Recently, an unexpected proposal from G-33, a group of developing countries that as WTO members seeks to protect its interests in the area of agriculture, could stymie India’s agricultural exports’ drive. The G-33 has been supporting the developing countries that maintain public stockholding (PSH) for food security purposes. The group has argued that the limits on subsidies imposed by the AoA should not constrain countries from providing subsidised food to the poor. Currently, a temporary truce prevails under which even if a member breaches the subsidy limit, i.e., 10 per cent of the value of agricultural production, no dispute would be initiated against the member. India is the biggest beneficiary of this truce as food subsidies granted to implement the National Food Security Act are threatening to breach the subsidies threshold.

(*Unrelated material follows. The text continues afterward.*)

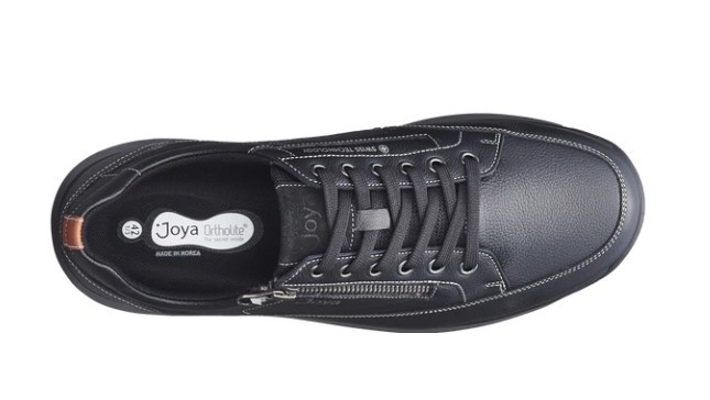 Bruno black: Full grain leather lace up shoe with additional zipper for easy entry, with breathable mesh lining. Featured with the Joya Senso sole technology that ensures excellent cushioning effect and balanced pressure distribution, and delivers optimum comfort and relief for your back muscles, joints and feet daily stress.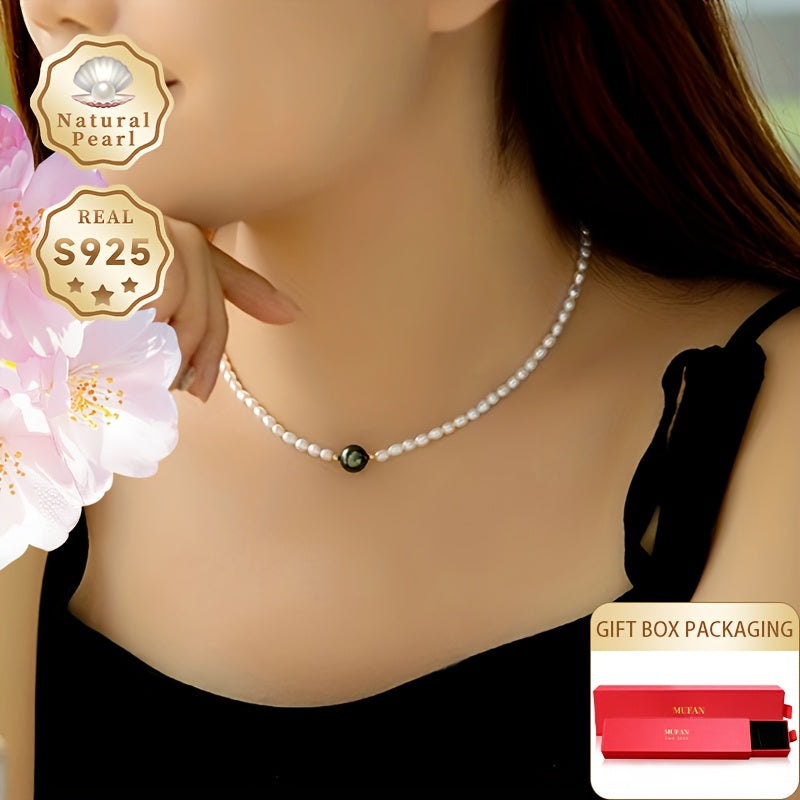 Pearl Necklace for Women Freshwater and Tahitian Pearls Sterling Silver Adjustable Gift

The G-33, in which India has been an active member since its inception, has submitted a proposal for finding a permanent solution to this issue of PSH that ironically militates against India’s interests. The submission, from which India has distanced itself, argues that the permanent solution must ensure that a Member “shall endeavour not to export from the procured stocks … unless requested by an importing Member”. This, in other words, implies that India would be able to export from its food stocks only upon an explicit request from another country. This proposal confronts India with an impossible choice, of maintaining its food subsidy programme or agricultural exports.

(Dr Biswajit Dhar is a Professor at Centre for Economic Studies and Planning, School of Social Sciences, Jawaharlal Nehru University.)